AI chip optimism lifts S&P 500 and Nasdaq to records; TSMC sees $1.5 trillion market by 2030
The S&P 500 and Nasdaq closed at record highs driven by semiconductor stocks, with SK Hynix approaching a $1 trillion market capitalisation on AI demand. TSMC projected the global chip market would reach $1.5 trillion by 2030, with AI as the primary driver. Analysts warned the semiconductor rally may be running ahead of fundamentals and risked stalling the broader US stocks advance.
Why it matters: Record equity valuations built on AI chip demand projections carry the same fragility seen in prior tech cycles: if AI monetisation does not materialise at the pace priced in — as already seen with Tencent and Alibaba's disappointing sales — a chip-driven correction would ripple through the broader market at a moment when US economic resilience is already tested by energy inflation.

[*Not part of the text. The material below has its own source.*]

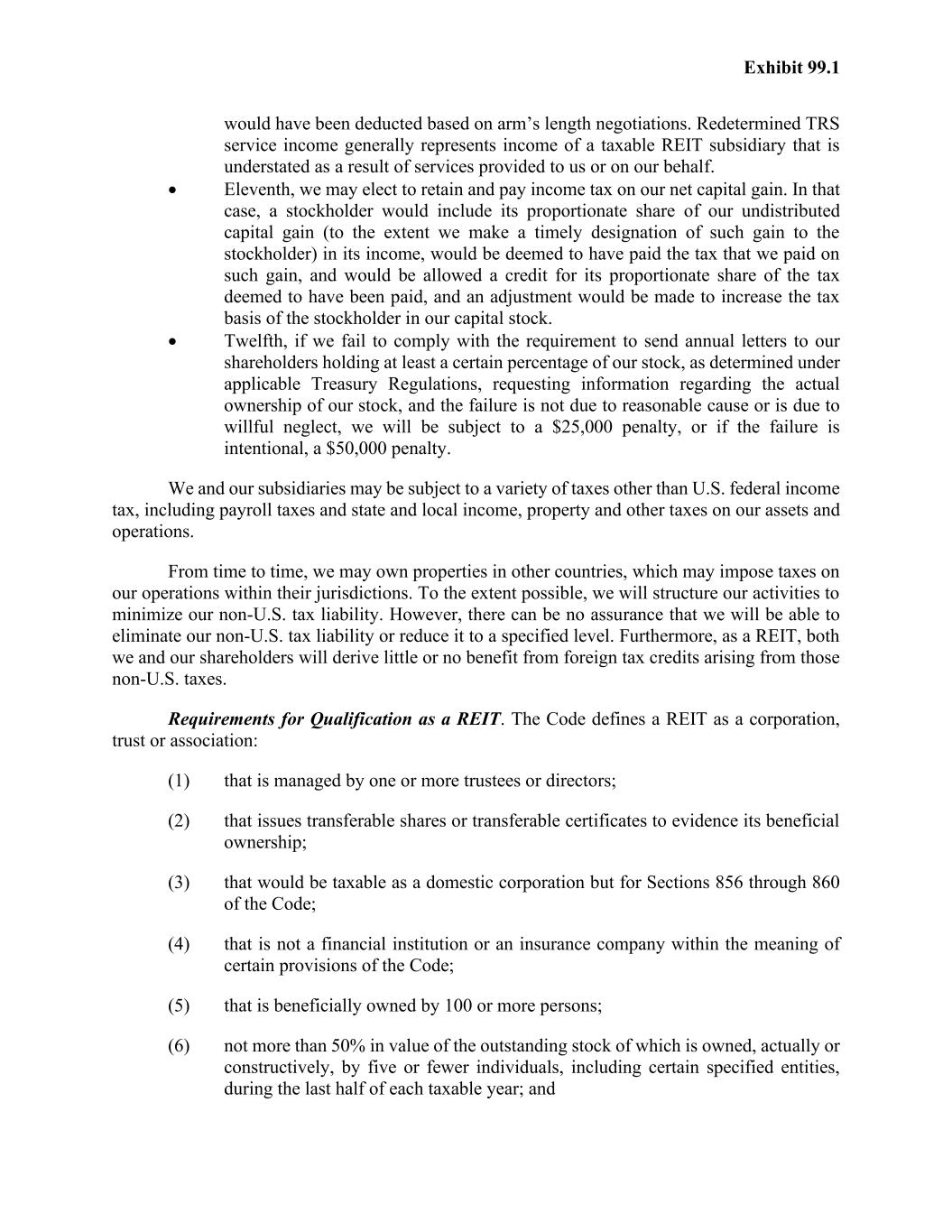 Exhibit 99.1 would have been deducted based on arm’s length negotiations. Redetermined TRS service income generally represents income of a taxable REIT subsidiary that is understated as a result of services provided to us or on our behalf. • Eleventh, we may elect to retain and pay income tax on our net capital gain. In that case, a stockholder would include its proportionate share of our undistributed capital gain (to the extent we make a timely designation of such gain to the stockholder) in its income, would be deemed to have paid the tax that we paid on such gain, and would be allowed a credit for its proportionate share of the tax deemed to have been paid, and an adjustment would be made to increase the tax basis of the stockholder in our capital stock. • Twelfth, if we fail to comply with the requirement to send annual letters to our shareholders holding at least a certain percentage of our stock, as determined under applicable Treasury Regulations, requesting information regarding the actual ownership of our stock, and the failure is not due to reasonable cause or is due to willful neglect, we will be subject to a $25,000 penalty, or if the failure is intentional, a $50,000 penalty. We and our subsidiaries may be subject to a variety of taxes other than U.S. federal income tax, including payroll taxes and state and local income, property and other taxes on our assets and operations. From time to time, we may own properties in other countries, which may impose taxes on our operations within their jurisdictions. To the extent possible, we will structure our activities to minimize our non-U.S. tax liability. However, there can be no assurance that we will be able to eliminate our non-U.S. tax liability or reduce it to a specified level. Furthermore, as a REIT, both we and our shareholders will derive little or no benefit from foreign tax credits arising from those non-U.S. taxes. Requirements for Qualification as a REIT. The Code defines a REIT as a corporation, trust or association: (1) that is managed by one or more trustees or directors; (2) that issues transferable shares or transferable certificates to evidence its beneficial ownership; (3) that would be taxable as a domestic corporation but for Sections 856 through 860 of the Code; (4) that is not a financial institution or an insurance company within the meaning of certain provisions of the Code; (5) that is beneficially owned by 100 or more persons; (6) not more than 50% in value of the outstanding stock of which is owned, actually or constructively, by five or fewer individuals, including certain specified entities, during the last half of each taxable year; and

France opens probe into whether Israeli firm BlackCore interfered in March local elections
French authorities are investigating whether an Israeli company called BlackCore ran a foreign interference campaign targeting a hard-left party ahead of France's March municipal elections, according to sources cited by Reuters and the Straits Times. The probe is at an early stage and no charges have been filed.
Why it matters: If confirmed, covert electoral interference by a foreign commercial firm — rather than a state — would expose a gap in European election security frameworks that focus primarily on state-sponsored disinformation, leaving private-sector operations-for-hire largely unaddressed.